• WORK ORDER
Please repeat, from the entries that follow, the lines from the one containing "Sunday nights are" through the one containing "Skmei 1327 Original" exactly, adding nothing.

• TASK DATA
==========
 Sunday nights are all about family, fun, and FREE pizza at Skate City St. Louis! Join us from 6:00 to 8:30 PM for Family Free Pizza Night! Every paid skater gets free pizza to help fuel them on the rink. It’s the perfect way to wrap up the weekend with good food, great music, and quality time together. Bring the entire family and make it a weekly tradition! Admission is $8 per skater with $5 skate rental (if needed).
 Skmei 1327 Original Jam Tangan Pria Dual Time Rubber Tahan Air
==========
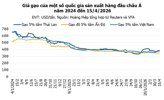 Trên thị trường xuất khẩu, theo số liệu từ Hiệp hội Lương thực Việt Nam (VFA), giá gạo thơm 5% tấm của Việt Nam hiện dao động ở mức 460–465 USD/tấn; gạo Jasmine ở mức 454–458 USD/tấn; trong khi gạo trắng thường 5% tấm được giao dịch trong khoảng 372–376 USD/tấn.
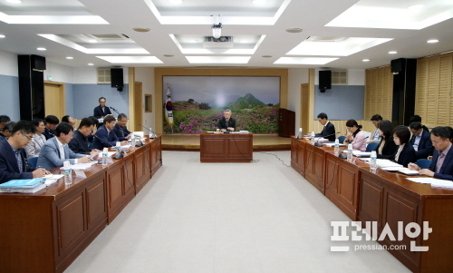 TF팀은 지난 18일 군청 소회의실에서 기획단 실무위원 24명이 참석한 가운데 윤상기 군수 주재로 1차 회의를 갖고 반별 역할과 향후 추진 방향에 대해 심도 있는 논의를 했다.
==========
• TASK OUTPUT
 Sunday nights are all about family, fun, and FREE pizza at Skate City St. Louis! Join us from 6:00 to 8:30 PM for Family Free Pizza Night! Every paid skater gets free pizza to help fuel them on the rink. It’s the perfect way to wrap up the weekend with good food, great music, and quality time together. Bring the entire family and make it a weekly tradition! Admission is $8 per skater with $5 skate rental (if needed).
 Skmei 1327 Original Jam Tangan Pria Dual Time Rubber Tahan Air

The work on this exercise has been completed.